Best Practices For Infrastructure Upgrade?
An anonymous reader writes "I was put in charge of an aging IT infrastructure that needs a serious overhaul. Current services include the usual suspects, i.e. www, ftp, email, dns, firewall, DHCP — and some more. In most cases, each service runs on its own hardware, some of them for the last seven years straight. The machines still can (mostly) handle the load that ~150 people in multiple offices put on them, but there's hardly any fallback if any of the services die or an office is disconnected. Now, as the hardware must be replaced, I'd like to buff things up a bit: distributed instances of services (at least one instance per office) and a fallback/load-balancing scheme (either to an instance in another office or a duplicated one within the same). Services running on virtualized servers hosted by a single reasonably-sized machine per office (plus one for testing and a spare) seem to recommend themselves. What's you experience with virtualization of services and implementing fallback/load-balancing schemes? What's Best Practice for an update like this? I'm interested in your success stories and anecdotes, but also pointers and (book) references.

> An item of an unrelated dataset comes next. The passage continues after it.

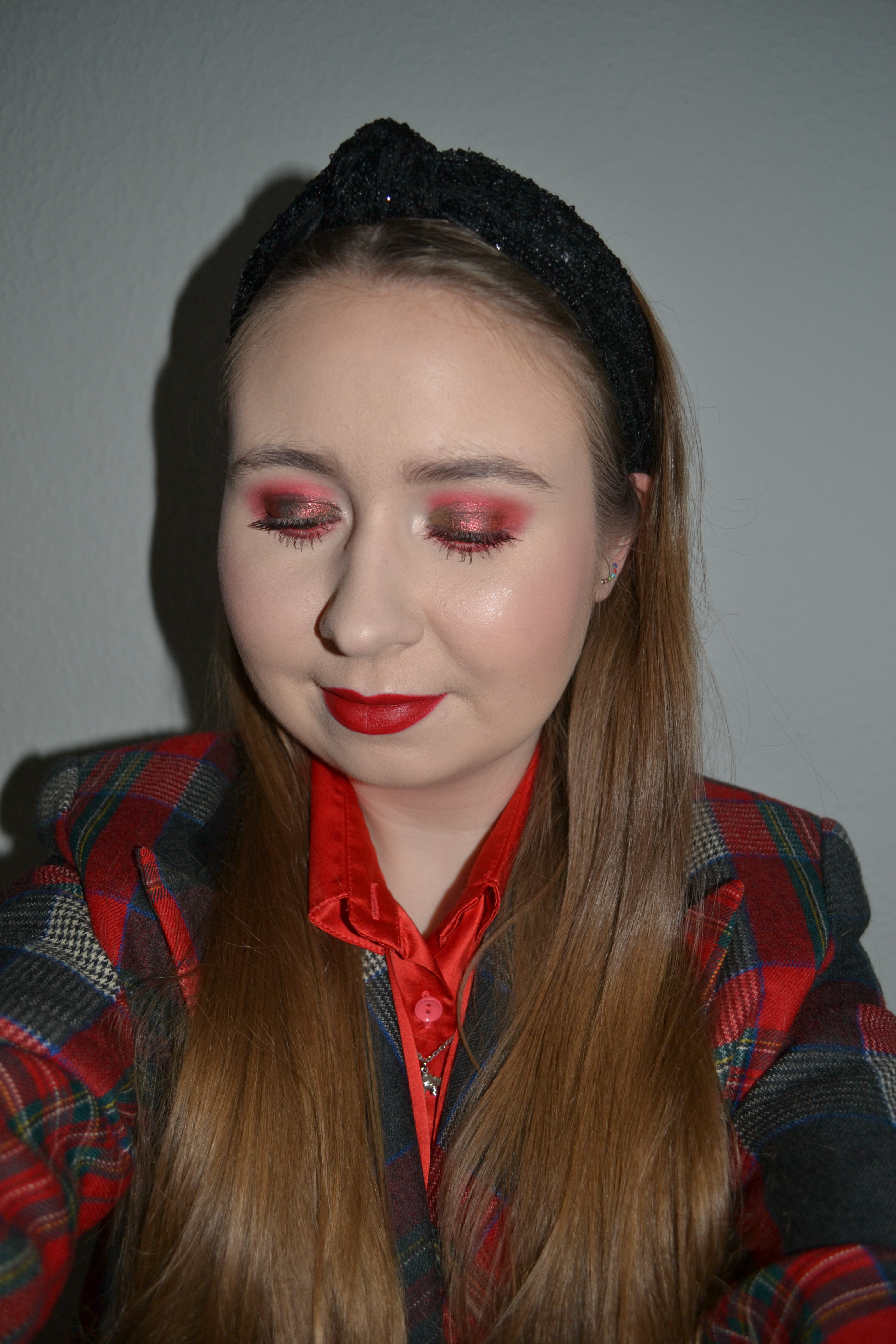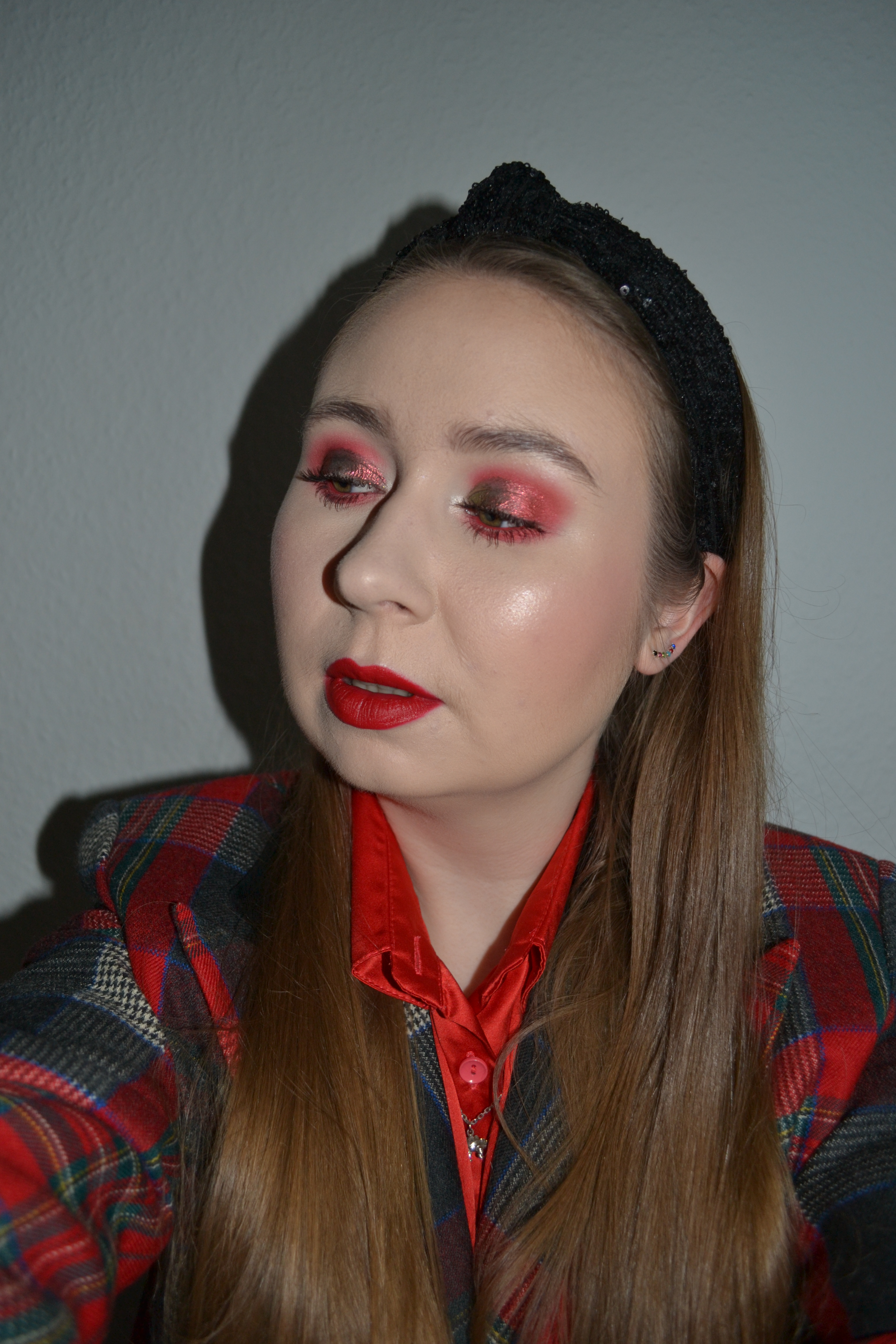 (Base: primer – e.l.f. Poreless Putty Primer, foundation – Maybelline Fit Me Matte + Poreless foundation (shade: 110 Porcelain), concealer – L’Oréal Infaillible More Than Concealer (shade: 322 Ivory), powders – Essence Brighten Up! Banana powder in 10 Bababanana + Jeffree Star Magic Star Setting Powder in Fair. Face make-up: bronzer – MAC Radiant Matte bronzing powder (shade: Beige-ing Beauty), blusher – BH Cosmetics Truffle Blush palette in Chocolate Cherry (1. shade bottom row – red shade), highlighter – NABLA Skin Glazing in Ozone. Eye make-up: base – MAC Pro Longwear Paint Pot in Painterly, eyeshadows – Jeffree Star Blood Sugar palette (shades: Glucose + Cherry Soda + Blood Sugar) + Natasha Denona Chromium liquid eyeshadow in Dogbane + MAC Nylon eyeshadow, mascara – Maybelline Lash Sensational Sky High mascara, eyeliner – NYX Vivid Brights eyeliner in Snatched. Eyebrows: Maybelline Brow Ultra Slim pencil in Medium Brown + MAC Brow Set in Clear. Lips: Gosh Velvet Touch lipliner in 004 Simply Red + MAC Moody Bloom lipstick)

Thanks!"
No, the budget questions comes later.
The first questions are: What are your businesses requirements regarding your IT infrastructure? How long can you do business without it? How fast does something need to be restored?
Starting with those requirements, you can start with possible designs that fit those solutions - for example, if the requirement is that a machine must be operational at last a week after a crash, you can build computers from random spare parts and hope that they'll work. If the requirement is that it should be up and running in two days, you will need to buy servers from a Tier 1 vendor like HP or IBM with appropriate service contracts. If the requirement is that everything must be up and running again in 4 hours, you'll need backups, clusters, site resilience, replicated SAN, etc. pp.
The question of Budget comes into play much later.
there's hardly any fallback if any of the services dies or an office is disconnected. Now, as the hardware must be replaced, I'd like to buff things up a bit: distributed instances of services (at least one instance per office) and a fallback/load-balancing scheme (either to an instance in another office or a duplicated one within the same).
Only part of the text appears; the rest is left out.